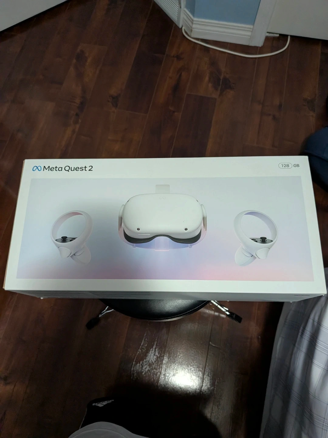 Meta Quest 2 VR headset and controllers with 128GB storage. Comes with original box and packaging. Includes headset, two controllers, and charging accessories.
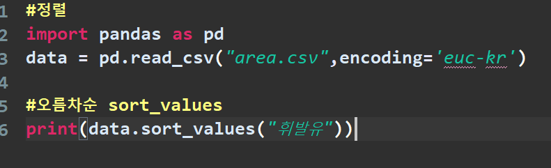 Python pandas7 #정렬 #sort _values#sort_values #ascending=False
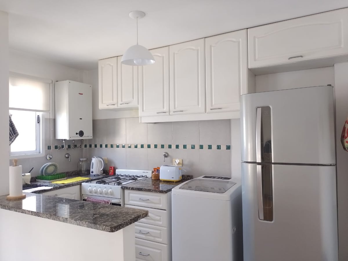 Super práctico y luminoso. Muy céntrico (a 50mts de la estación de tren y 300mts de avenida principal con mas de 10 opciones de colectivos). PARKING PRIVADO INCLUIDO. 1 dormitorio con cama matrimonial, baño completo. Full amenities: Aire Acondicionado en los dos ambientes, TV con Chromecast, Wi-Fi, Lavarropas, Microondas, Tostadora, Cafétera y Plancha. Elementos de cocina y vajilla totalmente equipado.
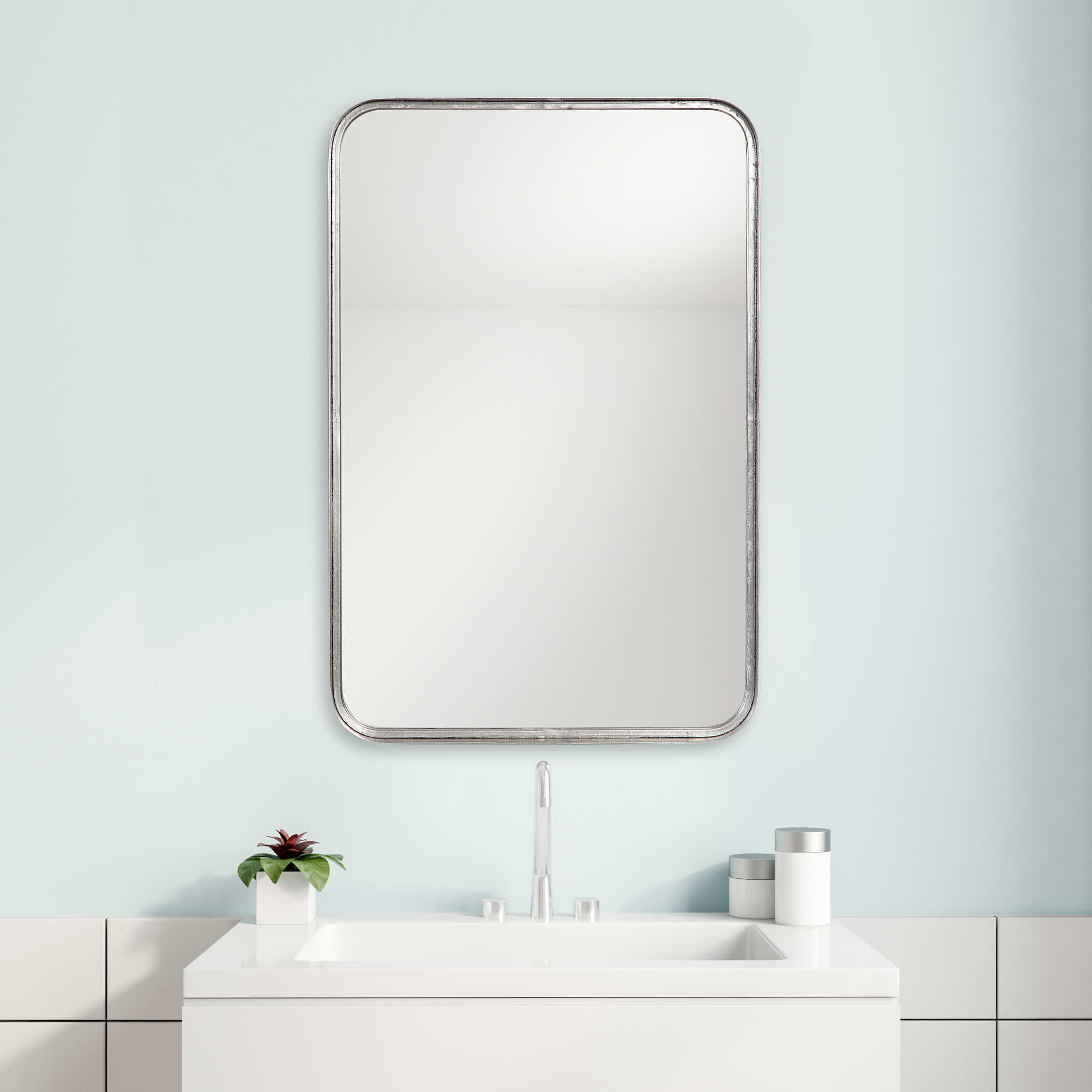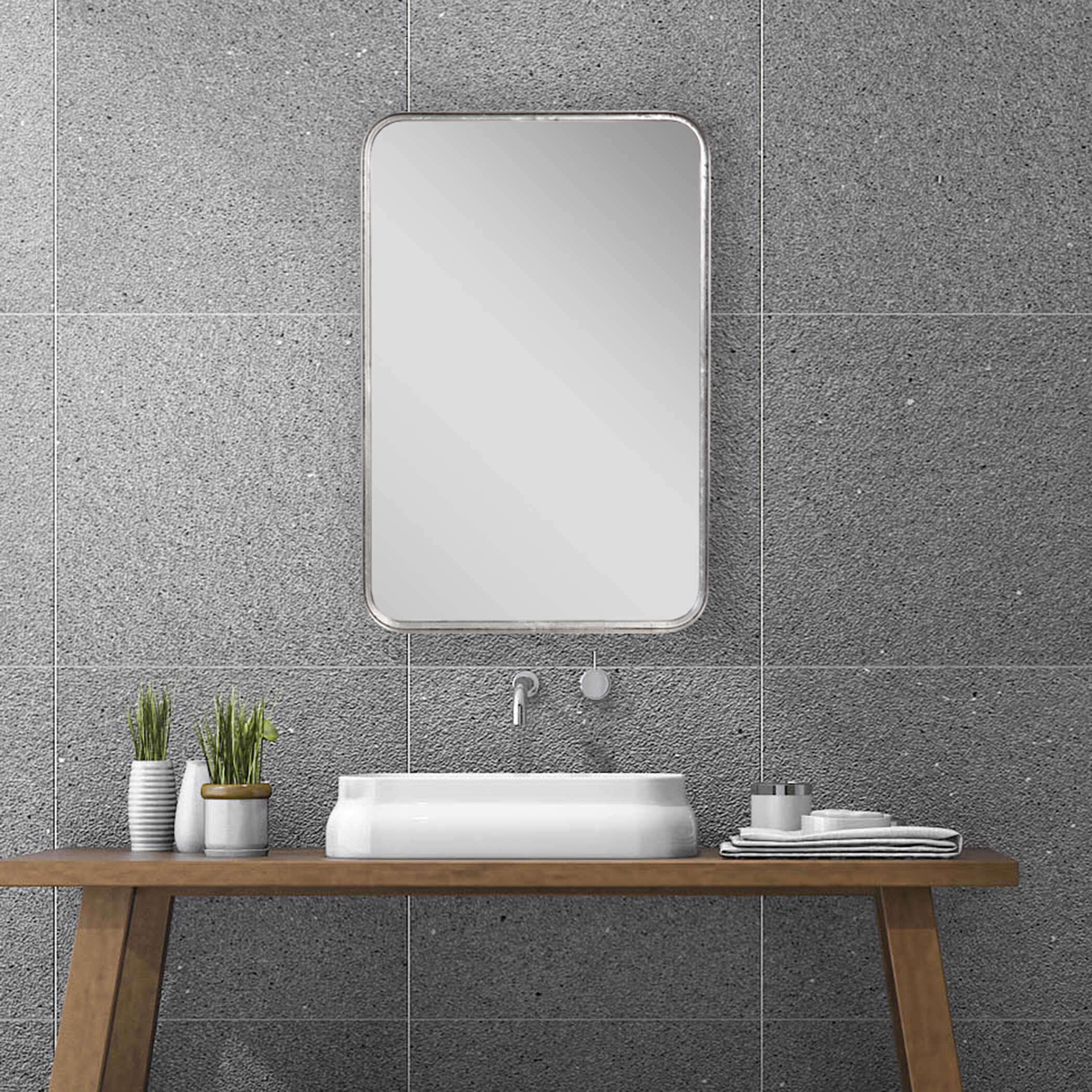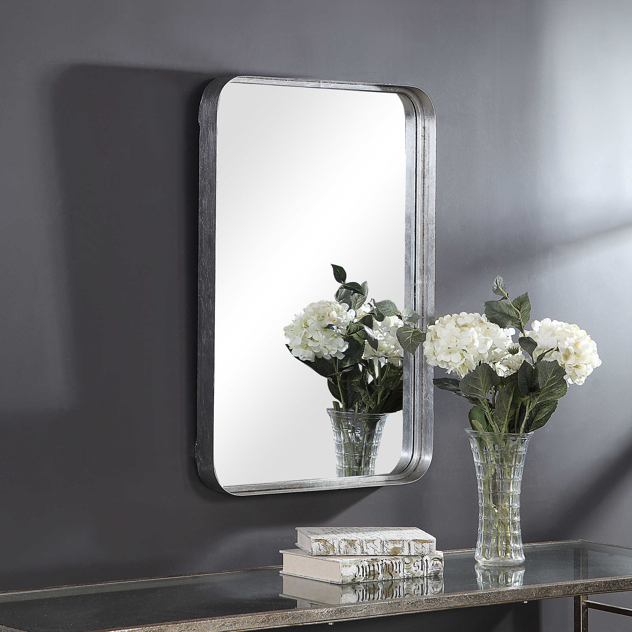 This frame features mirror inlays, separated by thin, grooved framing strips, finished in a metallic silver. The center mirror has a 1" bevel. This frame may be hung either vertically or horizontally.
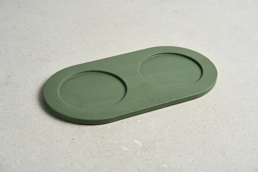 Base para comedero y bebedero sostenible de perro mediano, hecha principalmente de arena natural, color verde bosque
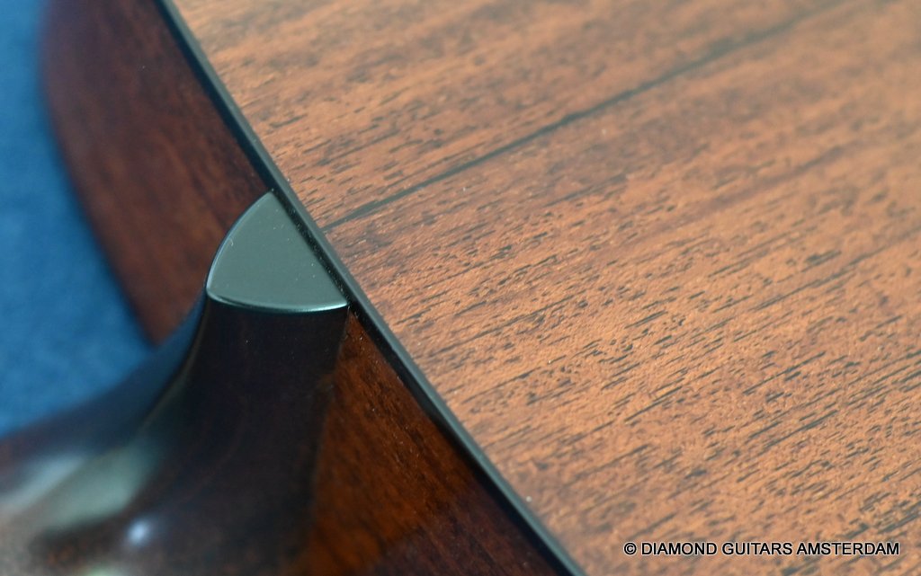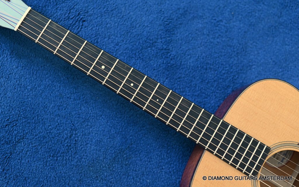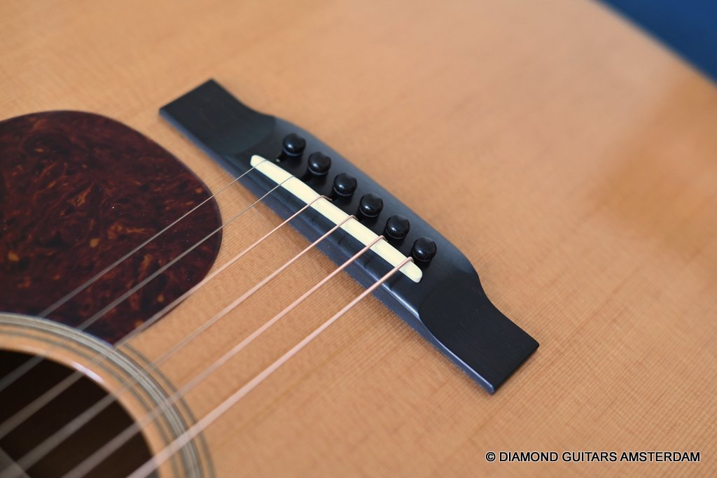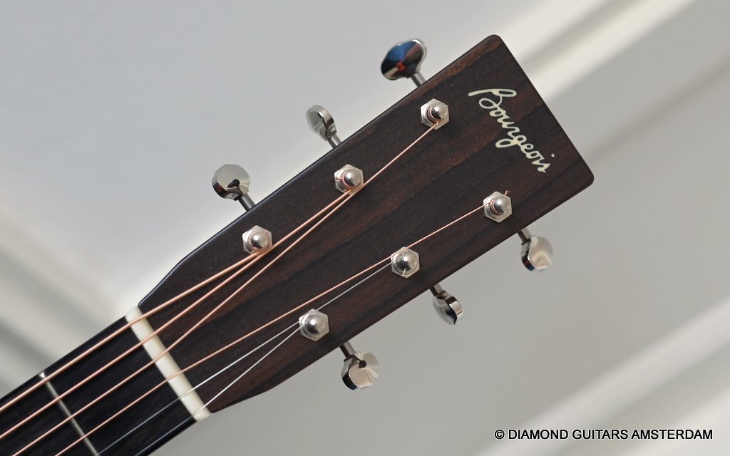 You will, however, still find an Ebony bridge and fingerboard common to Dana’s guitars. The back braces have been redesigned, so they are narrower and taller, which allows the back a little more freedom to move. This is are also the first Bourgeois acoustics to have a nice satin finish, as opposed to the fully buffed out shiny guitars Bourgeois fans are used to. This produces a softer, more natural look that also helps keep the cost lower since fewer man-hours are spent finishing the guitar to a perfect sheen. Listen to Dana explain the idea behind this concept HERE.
________________________
• _REQUIRED ACTION_
Transcribe all entries above exactly. Drop the pictures.

• _SOLUTION BELOW_
 Meta Quest 2 VR headset and controllers with 128GB storage. Comes with original box and packaging. Includes headset, two controllers, and charging accessories.
 Python pandas7 #정렬 #sort _values#sort_values #ascending=False
 Super práctico y luminoso. Muy céntrico (a 50mts de la estación de tren y 300mts de avenida principal con mas de 10 opciones de colectivos). PARKING PRIVADO INCLUIDO. 1 dormitorio con cama matrimonial, baño completo. Full amenities: Aire Acondicionado en los dos ambientes, TV con Chromecast, Wi-Fi, Lavarropas, Microondas, Tostadora, Cafétera y Plancha. Elementos de cocina y vajilla totalmente equipado.
 This frame features mirror inlays, separated by thin, grooved framing strips, finished in a metallic silver. The center mirror has a 1" bevel. This frame may be hung either vertically or horizontally.
 Base para comedero y bebedero sostenible de perro mediano, hecha principalmente de arena natural, color verde bosque
 You will, however, still find an Ebony bridge and fingerboard common to Dana’s guitars. The back braces have been redesigned, so they are narrower and taller, which allows the back a little more freedom to move. This is are also the first Bourgeois acoustics to have a nice satin finish, as opposed to the fully buffed out shiny guitars Bourgeois fans are used to. This produces a softer, more natural look that also helps keep the cost lower since fewer man-hours are spent finishing the guitar to a perfect sheen. Listen to Dana explain the idea behind this concept HERE.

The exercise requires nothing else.